Welcome to the new series of seven wonders of SQL Server. These are not the wonders which make you say Aww. These are the ones which make you really wonder why. I will be covering the seven of such jaw dropping situations where you wonder what is happening and few bizarre reasons why it is the way it is.
Last week we have seen how a maintenance plan setup can go bad. Today let us look at another scenario which will make you wonder, why?
One famous question I have heard when I was new to the IT world and the DBA role, how do I restrict a DBA from having an Administrator role. I had a question which I did not put through for obvious reasons. Why do you want to call him a Database ADMIN when you don’t want to give him ADMIN privileges? The intention of the question raiser is simple. I need transparency (OR I do not trust my DBA). I see how important his question was once I have seen non DBAs and less experienced DBAs having admin access.

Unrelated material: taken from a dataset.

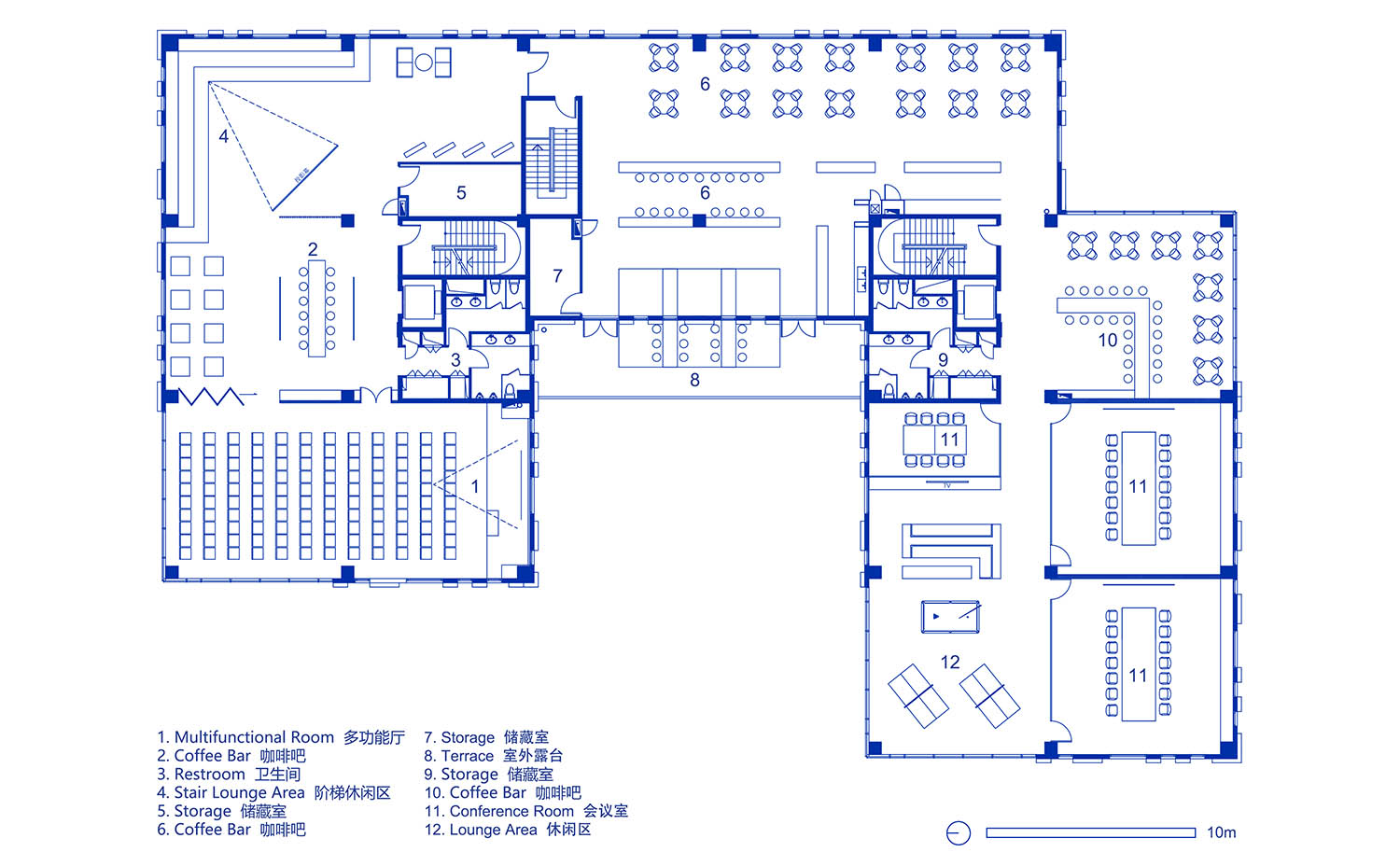 The fourth floor focuses on leisure activities and meetings, so the designer continues to zone the office area in line with texture to enhance mutual communication. Also, several variable spaces are expanded for Party A's group gatherings.

One fine day, at one of the companies I worked for, the dev instance was restarted. Upon digging deeper, we found the rat in the hole was a developer with admin access. The reasons for his admin access is old dated and the effects are not justifiable. The argument is always two sided. But, if the decision maker is pro developer, a DBA is helpless. One such incident helps a DBA to prove his word right about limiting access. Moment of accomplishment when you reduce the access to at least a db_owner (I know you want more, but this is just the beginning).

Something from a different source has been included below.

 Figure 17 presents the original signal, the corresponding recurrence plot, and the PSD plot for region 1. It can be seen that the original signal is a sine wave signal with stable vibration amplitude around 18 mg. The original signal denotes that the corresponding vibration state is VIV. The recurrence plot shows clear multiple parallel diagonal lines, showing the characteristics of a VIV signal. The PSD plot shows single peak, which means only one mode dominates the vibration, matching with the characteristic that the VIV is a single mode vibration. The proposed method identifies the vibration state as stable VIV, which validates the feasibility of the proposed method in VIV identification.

One more argument is to add local administrators to the SQL sys admin role. Readers reading this blog can go back and check your environment. I bet in majority of the cases this will be true in your production servers.

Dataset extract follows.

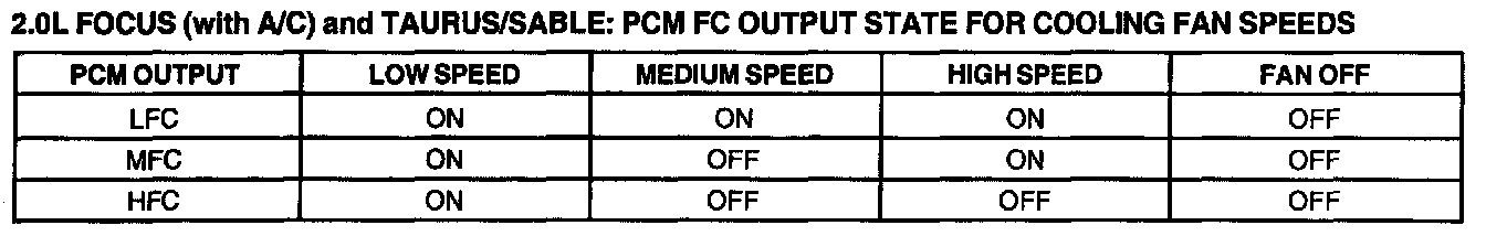 2.0L Focus (With A/C) And Taurus/Sable: PCM FC Output State For Cooling Fan Speeds Chart:

I will be brave here and take the name of our nightmare in most cases. If you don’t know how to deal with them, I wish you had a different job. The windows admins/ server admins. They can justify that they should be local administrators on the box where SQL is installed. But, when it comes to SQL, it is my territory. I will make sure that the local admins are removed with an initial argument than to have a dialogue with them every instance. Again, all the best when you deal with this approach.
You can use my script of SQL Server Security Audit to pull the logins and their database level permissions. To summarize, a DBA is the ultimate decision maker to decide who gets what access to the database servers. If you lack the authority, be prepared to deal with the heads that will hold you accountable for all databases under your nose.